ドローイングと時間

鈴木ヒラク

 ドローイングは時間芸術である。それはまず、固定化された結果よりも過程としての身ぶりや思考の動きそのものを指す。そして動きには時間が伴う。しかしドローイングは、この一回性の運動が行われるところのリニアな時間軸だけを内包するわけではない。その痕跡を見る側に発生するもうひとつ別の時間も扱うからだ。

 例えば描く/書く行為にとって新しさとは何か?と考えてみれば、ラスコー洞窟にクロマニオン人によって書かれた線描より、約2万年後に同じフランスで行われている”DRAWING NOW”で見られるような現代ドローイングの方が新しいとか、中国の王羲之の書より現代書の方が新しい、という議論には意味がない。
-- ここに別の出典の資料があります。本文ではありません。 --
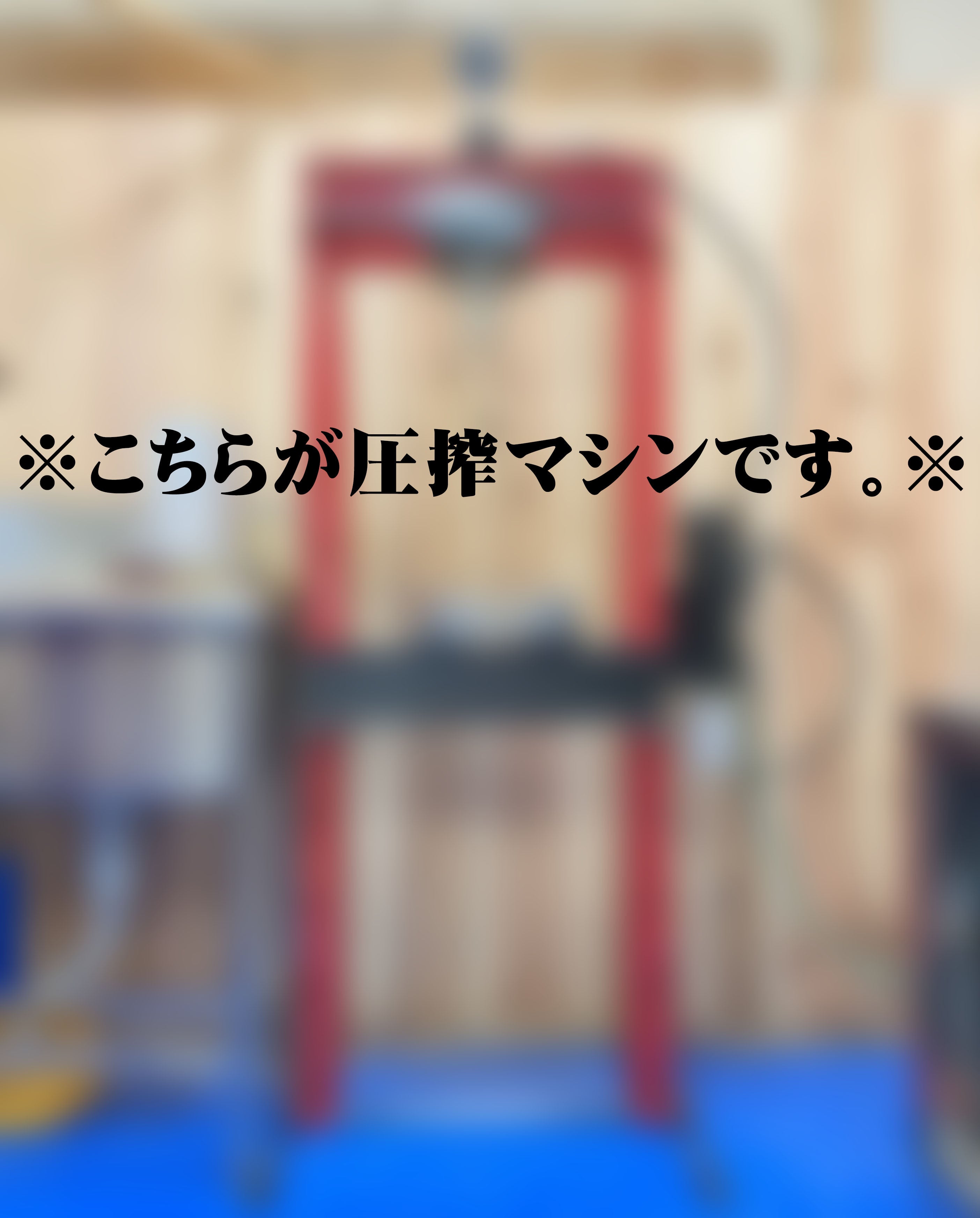 このおが粉に、圧搾マシンで数十トンの圧力をかけて樹液を抽出します。
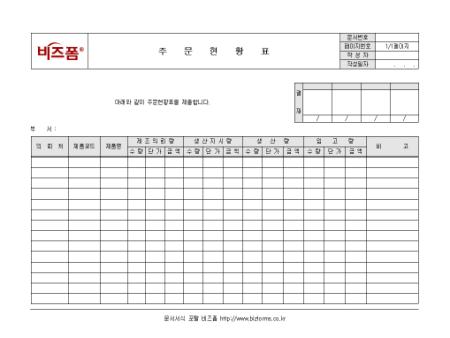 제품의 주문현황에 관한 사항을 기록/ 관리할 수 있는 주문현황표입니다. 의뢰처, 제품코드, 제품명, 제조의뢰량, 생산지시량 등의 항목으로 구성되어있습니다.
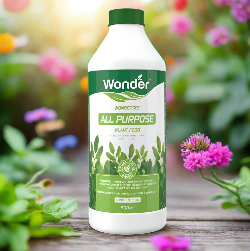 Elevate your gardening experience with Wonder All Purpose liquid plant food. This organic formula serves as a catalyst for accelerated plant development, promoting robust growth and outstanding health. It also offers protection against external stressors for strong and thriving greenery. Cultivate a thriving garden with this indispensable tool for plant vitality.
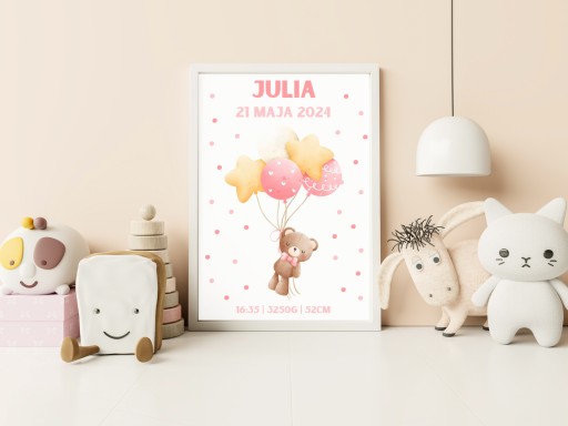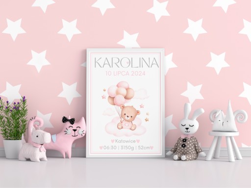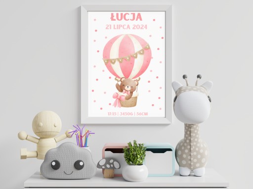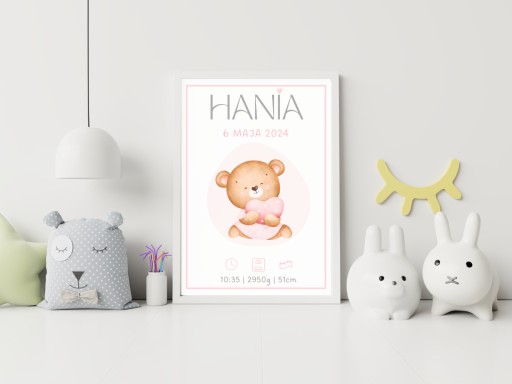 Nasza personalizowana metryczka charakteryzuje się minimalistycznym, nieprzeładowanym informacjami wzorem. Dzięki temu stanowi estetyczną ozdobę, która idealnie wkomponuje się w wystrój każdego dziecięcego pokoju, salonu czy ozdobi biurko. Prosty design z delikatnymi detalami sprawia, że metryczka przyciąga wzrok, nie dominując przy tym innych elementów wystroju. Starannie dobrane elementy graficzne oraz czytelne informacje sprawiają, że jest ona nie tylko piękną dekoracją, ale również cenną pamiątką na długie lata.
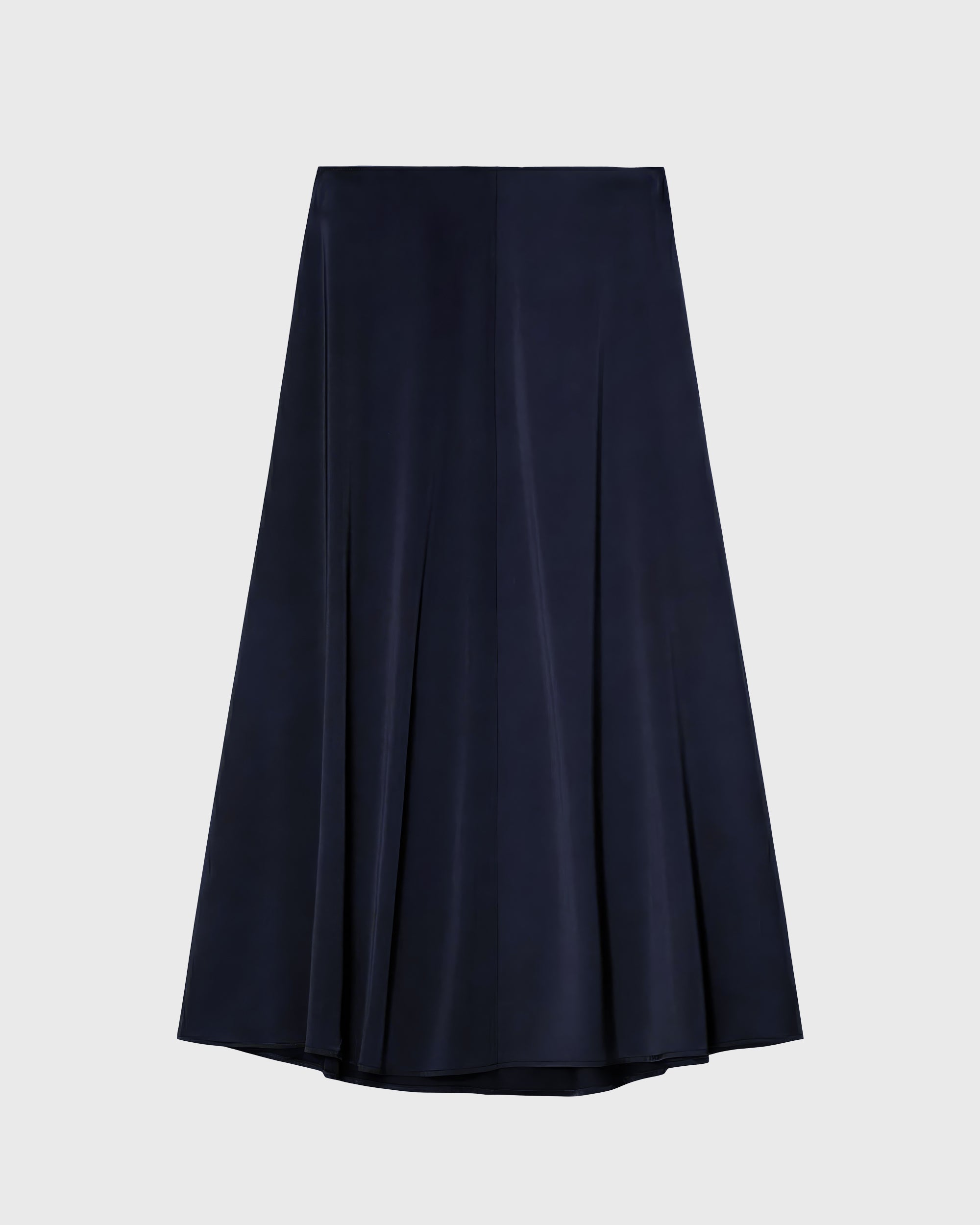 The Rhonda Satin Skirt is an ankle-length skirt in satin stretch with a softly draped silhouette. A subtle front seam adds a clean, refined expression. Pair with the matching Mia Satin Top for a cohesive look, or style with a simple tank for understated ease.
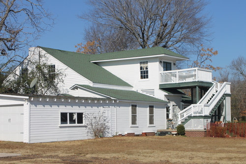 • Description: The Anderson home is a Greek Revival frame farm house. The one and a half story cottage was designed with an open hall dividing the first level with two rooms on each side. The front gallery is supported by six square pillars that are set within the roof. The front door is surrounded by two double-hung sash windows.
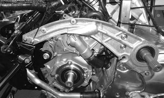 REMOVING 1.Drain the engine coolant. 2.Remove the drive clutch, drive belt, driven clutch and the clutch guard. 3.Remove the cap screws and nuts securing the left-side chassis support; then carefully tip the support up to gain clearance to the water pump. 4. Disconnect all hoses from the water pump; then remove the allen-head screws securing the water pump assembly to the crankcase; then remove the assembly. Account for two dowel pins and two gaskets.
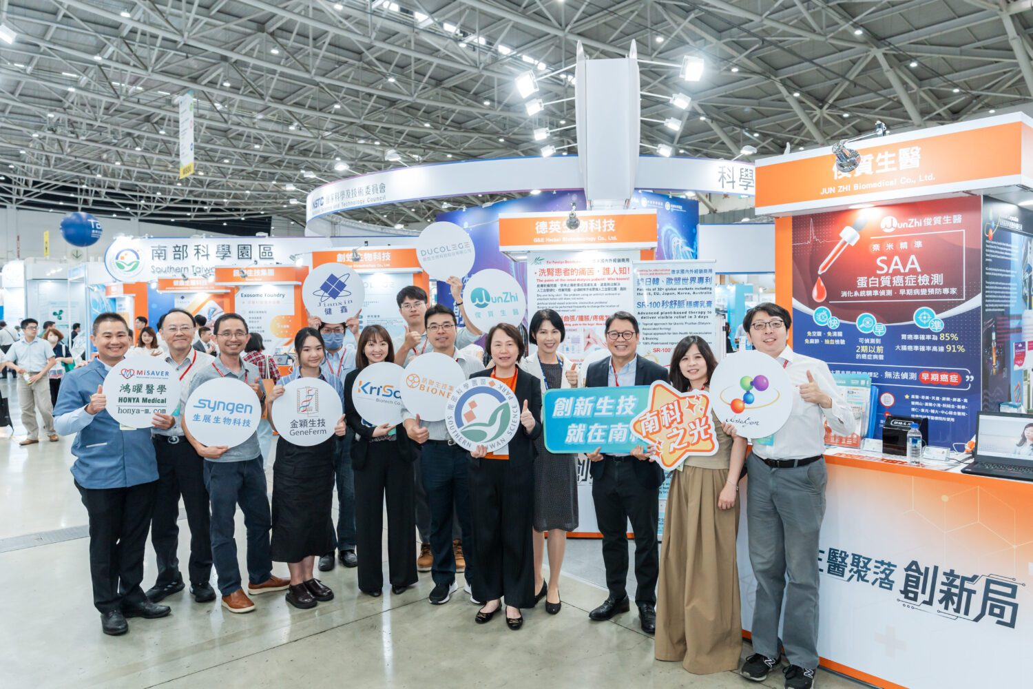 南科12家參展廠商各具特色,產品橫跨多元面向,包括診斷試劑、藥物載體、保健食品、醫美修護、再生醫療與AI篩檢等從預防到治療的完整鏈結。「富田永續生醫」研發脂質奈米粒子製程平台,提供新世代API包覆解決方案,應用於藥品與美妝保健品;「亞洲基因」開發登革熱、肺結核、A/B流感多項先進檢驗試劑;「俊質生醫」利用AI生物判讀軟體,分析血液中SAA蛋白質,篩檢大腸癌與胃癌,準確率高達9成;「德英生技」推出植物藥品、保健食品與功能性保養品,護眼產品具備全方位補給功能;「鴻曜醫學」研發MiSaver®幹細胞靜脈注射產品,針對急性心肌梗塞具良好安全性與療效;「創甡生技」專注魚皮轉化生醫級膠原蛋白,應用於大面積傷口修復;「生展生技」深耕益生菌與保健原料研發,結合精準醱酵與功效實證,更以創新思維設計多元劑型,兼顧產品健康與美味;「訊聯生技集團」建立跨物種外泌體巨量資料庫,訓練AI預測模型,創造外泌體應用新商機;「微體生醫」開發非侵入性尿液檢測肺癌分子標記技術,提供便利輔助診斷工具;「健鑫生醫」研發含銀離子的透明凝膠,專用於傷口照護,具優異抑菌效果;「金穎生技」深耕微生物發酵超過30年,具備菌株篩選、培養基最適化、發酵策略、萃取純化等核心量產技術;「建誼生技」專注於ADC等新藥,提供從開發至GMP製造的整合型CDMO服務。
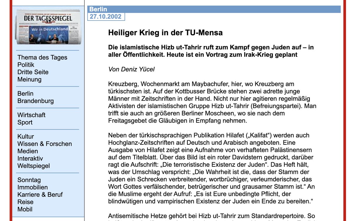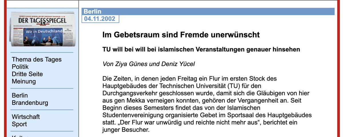 Ich hatte damals, also 2002, eine halbe Stelle bei @Jungle_World und arbeitete nebenher frei. Diese Story bot ich dem @Tagesspiegel an und schrieb einige Texte über Hizbut-Tahrir. Dafür besuchte ich auch das Freitagsgebet an der TU, das die Gruppe zu unterwandern versuchte. /11
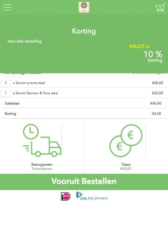 The Sonchi Sushi Wok app is made to place an order more easily and faster by means of a simple menu. In the menu you can opt for popular dishes, but you can also prepare a menu yourself.
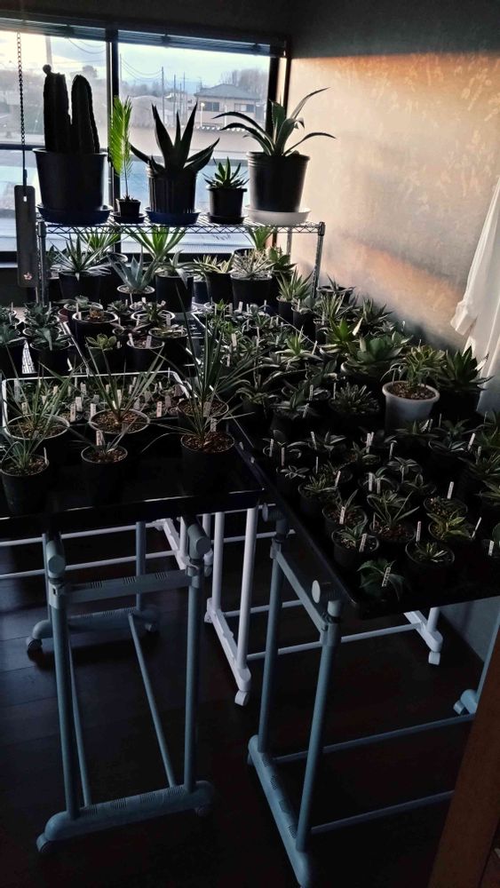いつの間にか、物干しパイプがアガベの置き台になってる😲しかも足りなくて買い足してるし、、
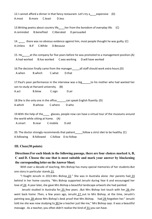 答案由考生回忆,可能会存在偏差,仅供参考!后续也会不断更新
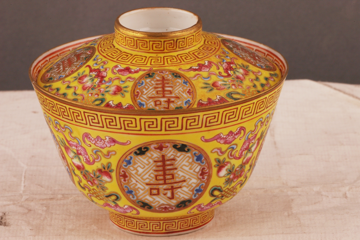 敞口,碗壁深直,圈足。以粉彩、金彩工艺彩绘纹饰,器盖、碗身各圆形开光四处,于万字锦地上书正楷“万寿无疆”。底书六字楷书款“大清光绪年制”。
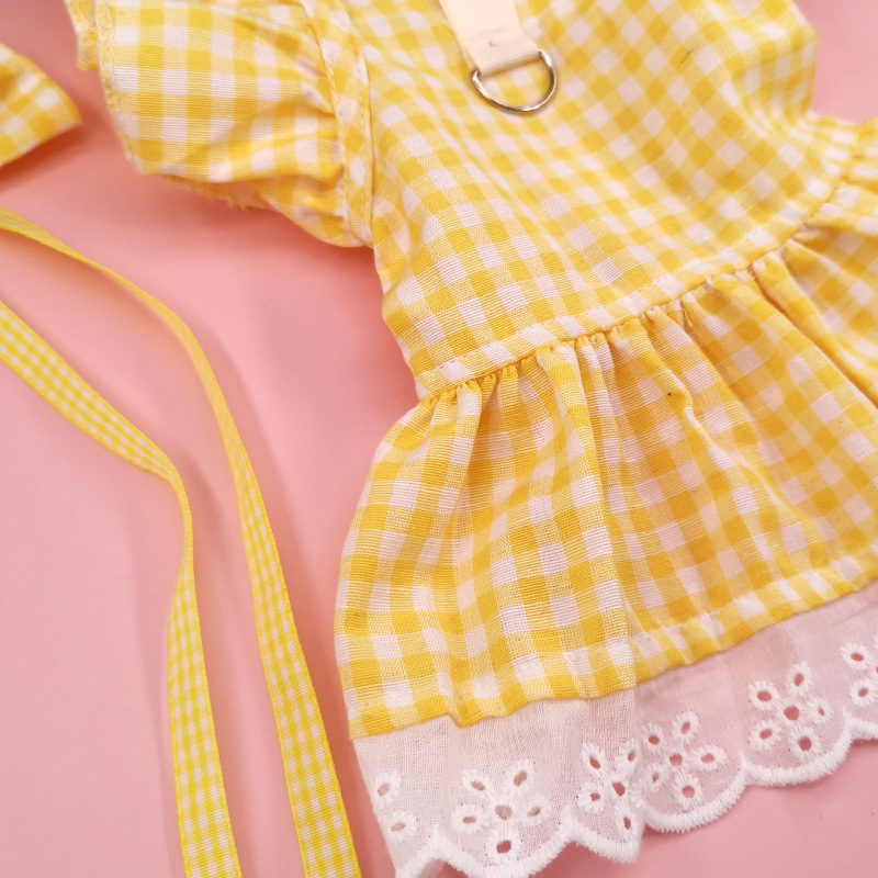 Color: Pet skirt-yellow plaid fly shoulder sleeve, pet skirt-pink plaid fly shoulder sleeve, pet skirt-blue plaid fly shoulder sleeve, pet skirt-pink plaid fly shoulder sleeve
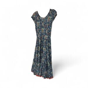 Soft Surroundings Kara Floral Maxi Dress in Fiery Teal Blue Jacobean SZ XS
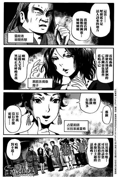 主角和主角母親、魔子等人在島上要過上三天,這一話提到主角母親(拉里維夏希)職業是占星師,她看不到早川,後來魔子發現秘道逃了出來。
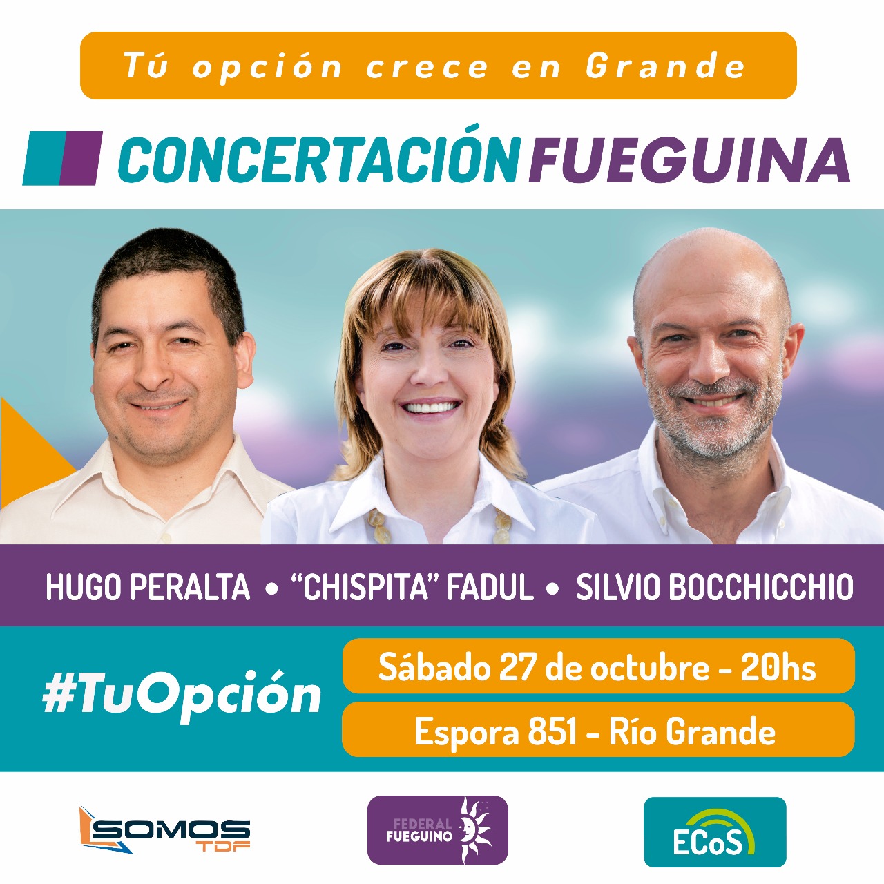 La Concertación Fueguina, coalición integrada por el Partido Federal Fueguino y el Espacio de Concertación Social, incorporará desde este sábado 27 de octubre al partido Somos Tierra del Fuego, en un acto a realizarse en calle Espora 851 desde las 20 horas en Río Grande.
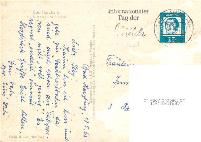 72792307 alte Postkarte Bad Harzburg Fliegeraufnahme mit Burgberg und Brocken postalisch gelaufen Erhaltung siehe scans [LiesaD40] KatCode: 11110003153002

いつの時代においても、刻まれた線を辿るこちら側の内面に、生き生きと再生される時間の方が重要なのだ。運動の痕跡の中に留められた記憶が新しく喚起される時、行為の主客は反転する。

 その意味で、ドローイングはレコードのような一種の記憶装置とも言えるだろう。見る者の内面の針で何度でも新しく再生され得る痕跡。だからこそ、キース・ヘリングの言葉を借りれば「ドローイングは魔法を通して生き続ける」のである。